Summit Fever: Groupthink and The 2008 K2 Tragedy
The Summit: The mountain climbing movie that asks us what went wrong in 2008.
Posted May 27, 2014
People interviewed in the movie, people at the Q&A, people everywhere wanted to know what happened at the summit. What is summit fever and how did this happen? Well, you’ll have to peep the movie if you want the exciting full story.
But here are my thoughts about how decision making can become impaired in these high pressure situations.
The first, most basic explanation is the physical environment. We all have impairments in judgment when we are oxygen deprived and our sympathetic nervous system is in a constant state of arousal. Additionally after climbing for 12 hours, exhaustion can take its toll. Lastly there is a huge component of goal seeking. Many climbers have been training for months and therefore have huge personal and sometimes financial investments in reaching the top. Also, once close to the top, the typical risk and sensation seeking climber will find it more difficult to turn back.
Secondly, the more complex explanation has less to do with the individual climber but more to do with the team. In this situation and those like it there is usually an element of Groupthink. Groupthink is an idea that was advanced by Irving Janis. It describes the process in which people are driven to conform to group opinions or beliefs. If, in your perception, your opinion is different from the larger group of climbers you may be psychologically inclined to conform to the group’s actions or decisions even if they seem to be dangerous. When you combine the aforementioned physiological variables with groupthink you have a deadly combination that may result in the tragedies depicted in The Summit.
What can be done about groupthink? How do you change that behavior? I had the opportunity to interview Dr.
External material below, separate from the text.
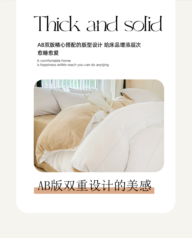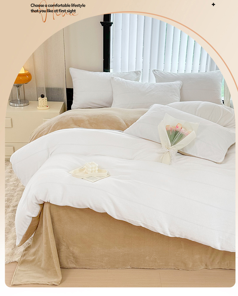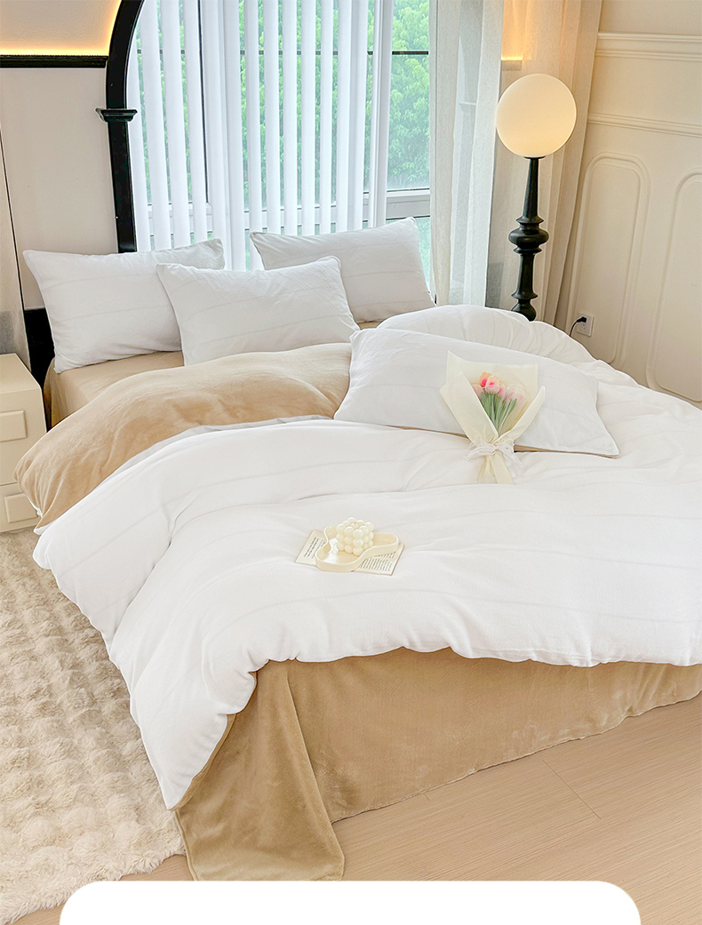 迷仙巢家纺 2023新款双拼牛奶绒四件套 白加卡其

Meredith Belbin, a leading expert on teams, regarding team strategies that can help to prevent groupthink. He stresses that clarity of team roles are essential for optimal performance, “Teams work well in so far as each member has a role with an acknowledged part to play in the work of the team”. In addition, Dr. Belbin recommends a safeguard of the group agreeing to assign the role of a “Monitor Evaluator” who undertakes the role of "risk assessor”.
Here are some other thoughts that can help your team avoid groupthink and other dangerous situations:
- Identify a “devil’s advocate” ("Monitor Evaluator" in Dr. Belbin’s language) on the team whose role is to question anything that seems like a potential risk that is being overlooked.
- Create the expectations that the group will question the norm.
- Discuss groupthink at regular team meetings and have a brief team check in to ensure that there are no important dissenting opinions.
- If you are the group leader, assure the team regularly that they will not be penalized for sharing their reservations.
All in all, The Summit was an inspiring tale of those that seek to reach a new pinnacle in sport. Hopefully, it will be a call towards understanding how teams work under these conditions, helping teams to avoid danger and work more effectively together up all sorts of mountains.